Фараон Эхнатон - Георгий Дмитриевич Гулиа
Шрифт:
Интервал:
Закладка:
Вскоре начальник писцов – немолодой, худощавый мужчина на кривых ногах – повалился наземь перед их величествами. Полежав некоторое время, он поднял голову: медленно, медленно, медленно, чтобы не ослепнуть от сияния божественного лика.
– Встань, Усенинефер! – приказал фараон.
Писец поднялся на ноги и присел в отдалении. Не совсем далеко, – чтобы хорошо было слышно каждое фараоново слово. И мгновенно превратился во внимание.
– Скажи мне, Усенинефер: каков мой приказ насчет переписки с иностранными державами?
– Все письма показывать тебе, твое величество.
– А еще?
– Спрашивать тебя, прежде чем составлять их, твое величество.
– А еще?
«…Что же может быть еще? Его величество допрашивает слишком строго. Это значит, что начальник писцов позабыл самое важное…» Кийа ждала с нетерпением ответа Усенинефера.
– Писать на языке того государства, куда направляется письмо, – проговорил начальник писцов на одном дыхании.
– Верно!.. Почему же в таком случае ты отправил письмо царю Митанни на нашем языке?
Усенинефер пытался вспомнить, когда и какое письмо было отправлено в Митанни.
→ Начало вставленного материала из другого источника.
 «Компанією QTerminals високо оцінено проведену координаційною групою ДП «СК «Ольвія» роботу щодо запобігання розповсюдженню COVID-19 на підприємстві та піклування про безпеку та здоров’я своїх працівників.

Прекрасная память его величества изумляла всех. Он помнил все. Он знал, сколько мер зерна в закромах, сколько воинов на границах и сколько гарнизонов в чужих пределах. Его величество видел все, ибо был богом. В чем еще и еще раз убедился потеющий от страха начальник писцов Усенинефер.
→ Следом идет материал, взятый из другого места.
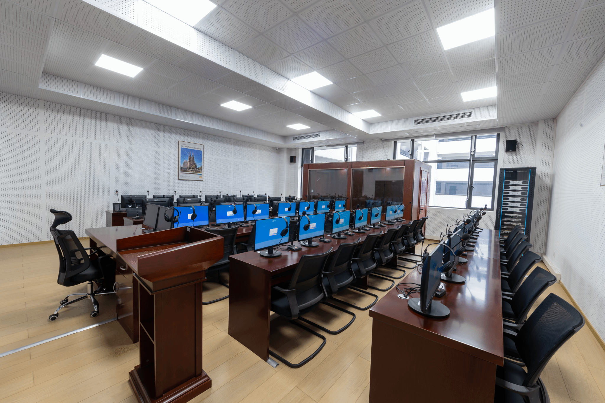 同声传译室是英语专业实验实训室,使用面积81平米,可同时容纳45人进行实验实训。配备云桌面虚拟化服务软件、语言学习译员终端、同传技能教学平台、交传技能教学平台、专业同传会议系统、86寸纳米智慧黑板等软硬件设备。主要适用于英汉/汉英口译、同声传译、交替传译、商务翻译、演讲与辩论等实验实训项目以及开展国际会议、翻译研究、国际交流等活动。

– Да знаешь ли ты, о каком письме идет речь?
Усенинефера вдруг осенило, и он сказал: да!
– Ее величество хочет услышать твое слово об этом злополучном письме, Усенинефер.
Писец сказал:
– Твое величество, – он смотрел в самые зрачки Кийи, – мы требуем выдачи беглеца, который убил своего начальника в Северном Ретену. Всадил нож в спину, между лопаток, и бежал в Митанни. Согласно договору, царь Митанни обязан вернуть преступника.
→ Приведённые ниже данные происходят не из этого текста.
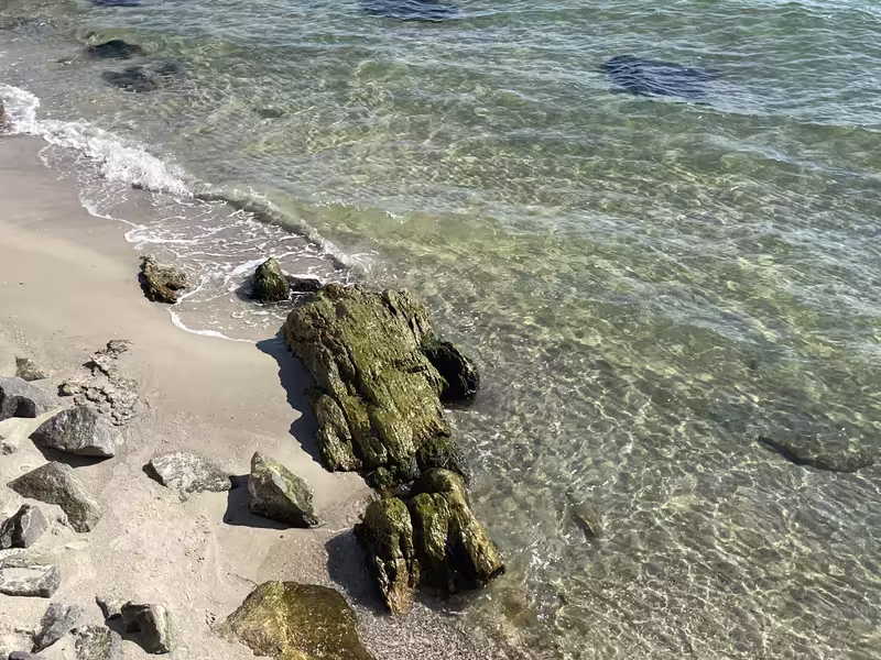 Ветер вдоль берега знатный с порта на аркадию, загорают, но под укрытием пирсов )

Фараон кивнул: дескать, все это так.
– Но скажи мне, Усенинефер, на каком языке ты написал письмо?
Начальник хлопнул себя по лбу:
– Достоин наказания, твое величество! Письмо написано на нашем языке.
– А надо бы?
– На языке Митанни, твое величество.
Фараон помолчал. Встретился взглядом с Кийей. Он предлагал решить ей. Она это поняла.
– Вернуть письмо! – приказала Кийа. – Написать новое.
Усенинефер повалился наземь. Он царапал землю носом. Лизал ее языком, как телок солоноватый камень.
– Оно далеко, твое величество. Гонец его величества мчится быстрее ветра!
Тогда фараон запустил руку себе за пазуху и достал папирус.
– Этот? – спросил он.
Усенинефер не поверил своим глазам! «Это бог! Это бог! Он достает через пустыню. Через Великую Зелень. Через горы. Вот ноги мои совсем ослабли. Колени мои обратились в воду. И кости все обратились в воду…»
Фараон сжал губы. Глаза его стали точно песчинки. В солнечный день. Такие блестящие точки. В них много гнева. Много ярости. И челюсти у него задрожали. Словно бы перед припадком.
Начальник писцов оцарапал землей нос свой. Он плюхнулся лицом на землю, как на воду. И алая кровь показалась на носу. И на левой щеке тоже.
А фараон не сводил с него глаз. Благой бог закипал, как вода в походном котелке воина: медленно, медленно… Тем сильнее охватывало волнение каждого, кто бывал свидетелем его гнева…
Кийа развернула свиток. Вдобавок ко всему он оказался написанным иероглифическим письмом, а не упрощенной скорописью. Его величество ненавидел старинное письмо и мечтал о новом, более простом и доступном каждому. Эта нелюбовь зародилась в нем при жизни отца, еще в те годы, когда старый учитель Ихотеп обучал его премудрости письма. Он говорил своему ученику: «Уши твои – на спине твоей». И колотушки следовали за колотушками. Его величество Аменхотеп Третий приказывал Ихотепу: «Царевич должен быть грамотен как никто. Ты, Ихотеп, отвечаешь за это головой. Колотушек не жалей. Будь строг, требователен, не давай ученику своему спуску». А ученик был хилым, тщедушным ребенком…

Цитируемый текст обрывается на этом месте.